Тома Трюбле, высказавшись таким образом, глубоко вздохнул и, довольный тем, что сказал все, что надо было сказать, рассмеялся.
Это была длинная речь. Тома Трюбле совсем не был речист, разве когда злился. А сейчас этого не было. Поэтому он принужден был останавливаться и умолкать, и пыхтеть от сильного смущения. Винсент Кердонкюф, молчавший и суровый, дал ему договорить; он слушал его, но, пожалуй, не слышал, весь погруженный в какую-то мрачную задумчивость. Оба они все еще были сцеплены между собой: руки одного судорожно сжимали руки другого. Но ни Тома, ни Винсент этого как будто не замечали.
Итак, Тома Трюбле, кончив свою речь, засмеялся. Винсент Кердонкюф, неожиданно выйдя из задумчивости, заметил этот смех и в тот же миг стал похож на быка, увидевшего красную тряпку. Такая ярость потрясла его с головы до ног, что он сделал нечто вроде прыжка, споткнулся и чуть не упал. Трясущийся во рту язык не мог произнести ни звука. Он только заикался, до боли сжимая иступленными пальцами руки смеющегося Тома, который сначала опешил, однако же скоро заартачился.

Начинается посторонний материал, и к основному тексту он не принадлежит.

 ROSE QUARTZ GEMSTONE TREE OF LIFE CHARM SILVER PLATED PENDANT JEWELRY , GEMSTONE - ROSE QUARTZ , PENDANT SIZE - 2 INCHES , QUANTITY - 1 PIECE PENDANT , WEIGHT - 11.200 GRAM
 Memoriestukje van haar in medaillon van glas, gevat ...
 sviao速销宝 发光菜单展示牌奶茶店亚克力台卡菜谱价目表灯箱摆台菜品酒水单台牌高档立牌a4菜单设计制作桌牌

– Эй! – повторил он, повышая голос, – эй, приятель... Пусти, да пусти же меня!.. Черт возьми, пустишь ли ты меня, скотина?
Началась борьба. Тома, конечно, был сильнее. Но взбешенный человек стоит троих. Винсент не сдавался и не выпускал добычи. Не будучи в силах освободиться, Тома резким усилием схватился за рукоять своей шпаги и снова выругался.
– Будь ты проклят, Винсент! Если ты меня не выпустишь, я тебя убью!
Винсент заметил движение его руки. Он дико вскрикнул, выпустил Тома, отскочил назад и выхватил шпагу, – все в мгновение ока. Обнаженная шпага засверкала под луной. Это был длинный и твердый клинок, хорошая боевая шпага, а не парадная игрушка, каких, впрочем, горожане Сен-Мало и не признавали, оставляя эту роскошь на долю дворян и не считая нужным надевать оружие, когда оно им не было нужно. Тома увидел острие на расстоянии каких-нибудь шести дюймов от себя. Тем не менее он не вынул собственной шпаги из ножен и даже скрестил руки на груди, сделавшись сразу очень спокойным, как всегда перед лицом настоящей опасности. Вытянув руку вперед и согнув колени, Кердонкюф готов был броситься на него. Тома остановил его, засмеявшись снова, но уже по иному.
– Ну, сударь! – сказал он презрительно. – Твоя сестра порадуется, когда ты меня убьешь!
Кердонкюф отступил на шаг и опустил руку. Все так же презрительно Тома продолжал:
– Если ты хочешь меня зарезать, ладно! Если нет, скажи, чего ты хочешь! Ты меня расспросил, и я тебе ответил. Теперь я тебя спрашиваю, а ты отвечай!
Но Винсент Кердонкюф не в состоянии был сразу заговорить. Он продолжал тяжело дышать и заикаться. Наконец к нему вернулась способность говорить.
– Сестру... – сказал он. – На сестре... женишься ты или нет?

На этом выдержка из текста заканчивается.